» WHAT THE TASK REQUIRES
Reproduce exactly only the lines from the line that holds "We have a desire" to the line that holds "A 9 ct gold", inclusive, in the listing below, and please leave out every picture.

» AVAILABLE DATA
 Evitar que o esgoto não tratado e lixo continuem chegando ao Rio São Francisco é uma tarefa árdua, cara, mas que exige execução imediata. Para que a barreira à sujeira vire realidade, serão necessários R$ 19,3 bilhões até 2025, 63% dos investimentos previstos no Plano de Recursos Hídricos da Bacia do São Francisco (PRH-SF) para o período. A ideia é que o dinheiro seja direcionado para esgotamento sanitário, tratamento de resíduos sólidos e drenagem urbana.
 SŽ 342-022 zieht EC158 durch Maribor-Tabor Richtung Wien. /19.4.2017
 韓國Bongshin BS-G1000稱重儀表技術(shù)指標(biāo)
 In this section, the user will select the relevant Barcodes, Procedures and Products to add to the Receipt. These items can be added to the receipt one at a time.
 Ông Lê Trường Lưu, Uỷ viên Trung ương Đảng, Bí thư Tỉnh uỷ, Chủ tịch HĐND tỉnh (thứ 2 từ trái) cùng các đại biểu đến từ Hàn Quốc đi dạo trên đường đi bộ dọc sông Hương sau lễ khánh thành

* * *

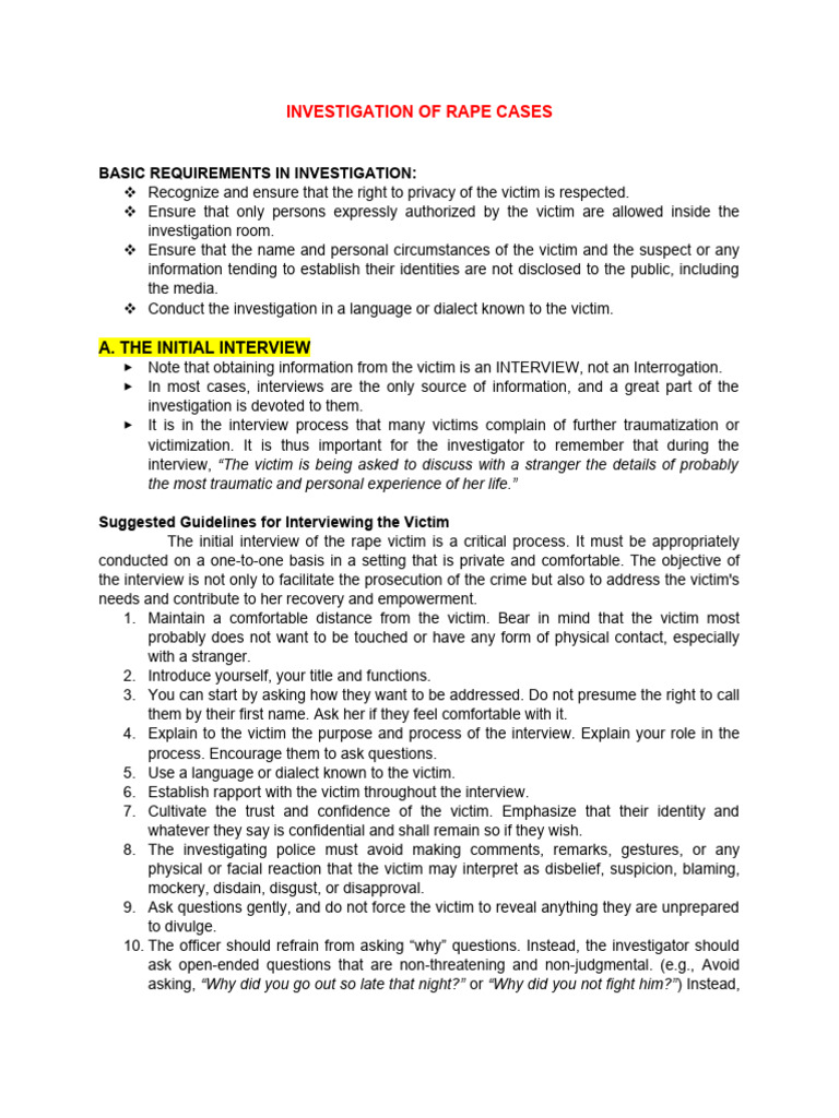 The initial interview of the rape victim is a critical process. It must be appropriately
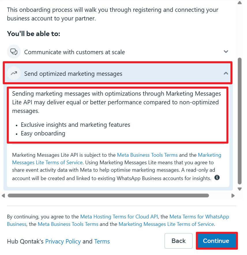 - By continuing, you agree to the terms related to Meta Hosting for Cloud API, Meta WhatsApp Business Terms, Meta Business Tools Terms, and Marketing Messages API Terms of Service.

==

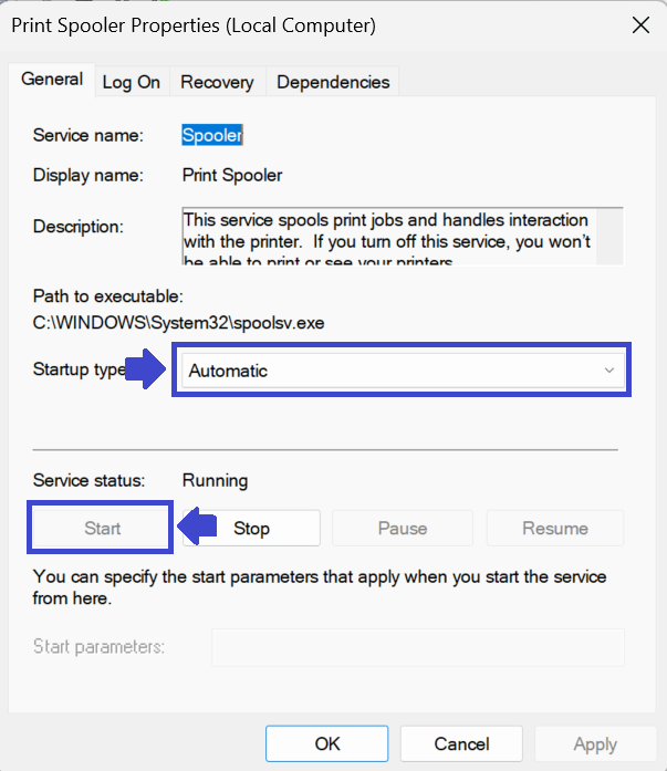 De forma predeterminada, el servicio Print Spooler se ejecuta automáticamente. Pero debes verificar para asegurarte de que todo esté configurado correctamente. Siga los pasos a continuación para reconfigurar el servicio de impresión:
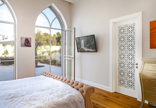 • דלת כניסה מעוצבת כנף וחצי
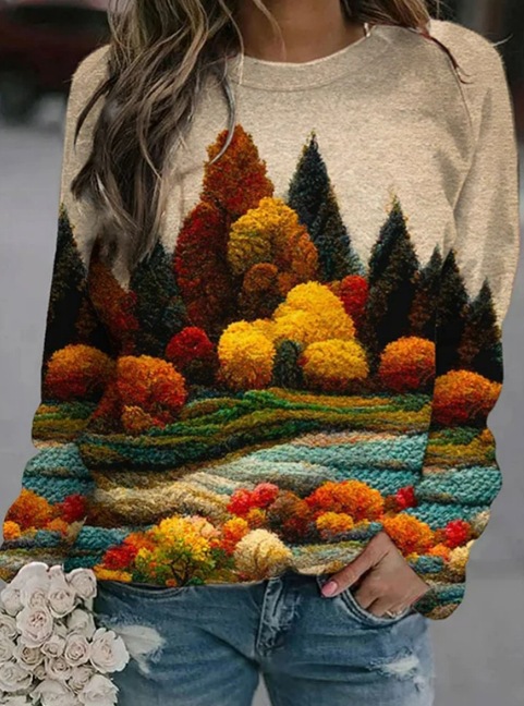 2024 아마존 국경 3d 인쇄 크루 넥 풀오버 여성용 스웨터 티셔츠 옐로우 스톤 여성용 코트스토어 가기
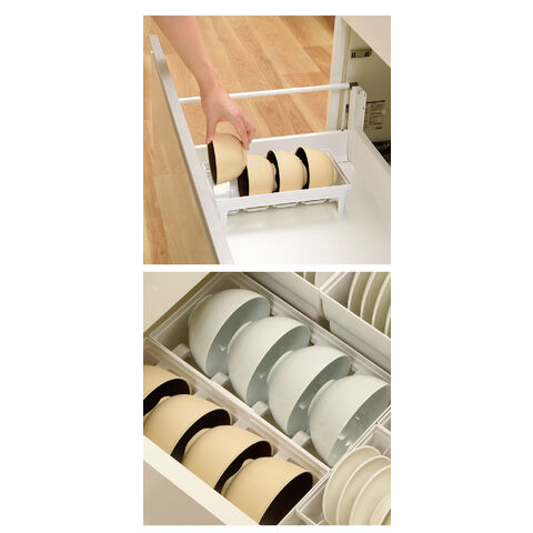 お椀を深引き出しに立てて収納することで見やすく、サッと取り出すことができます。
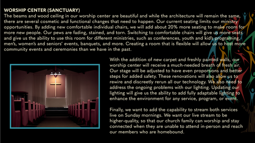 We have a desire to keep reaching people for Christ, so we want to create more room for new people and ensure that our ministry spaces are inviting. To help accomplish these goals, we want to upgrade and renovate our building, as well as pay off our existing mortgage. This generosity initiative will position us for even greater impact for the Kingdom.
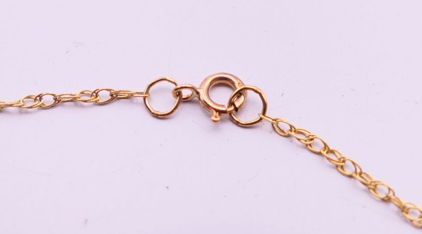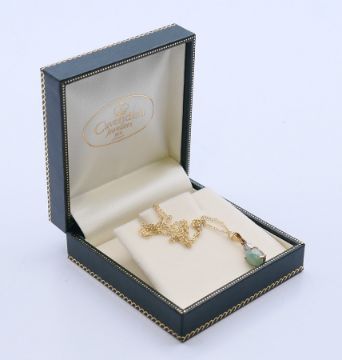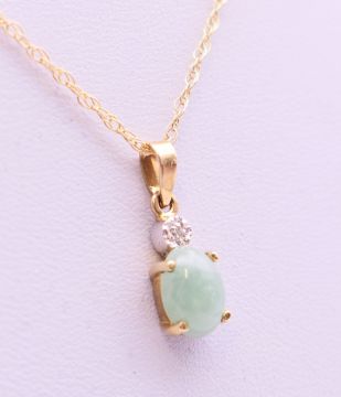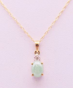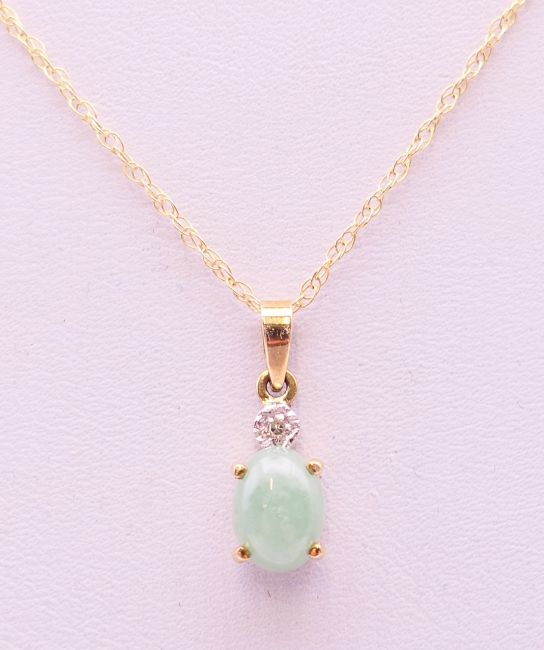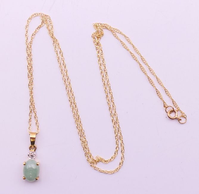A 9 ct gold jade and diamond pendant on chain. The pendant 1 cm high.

» RESULT OF THE EXERCISE
 We have a desire to keep reaching people for Christ, so we want to create more room for new people and ensure that our ministry spaces are inviting. To help accomplish these goals, we want to upgrade and renovate our building, as well as pay off our existing mortgage. This generosity initiative will position us for even greater impact for the Kingdom.
A 9 ct gold jade and diamond pendant on chain. The pendant 1 cm high.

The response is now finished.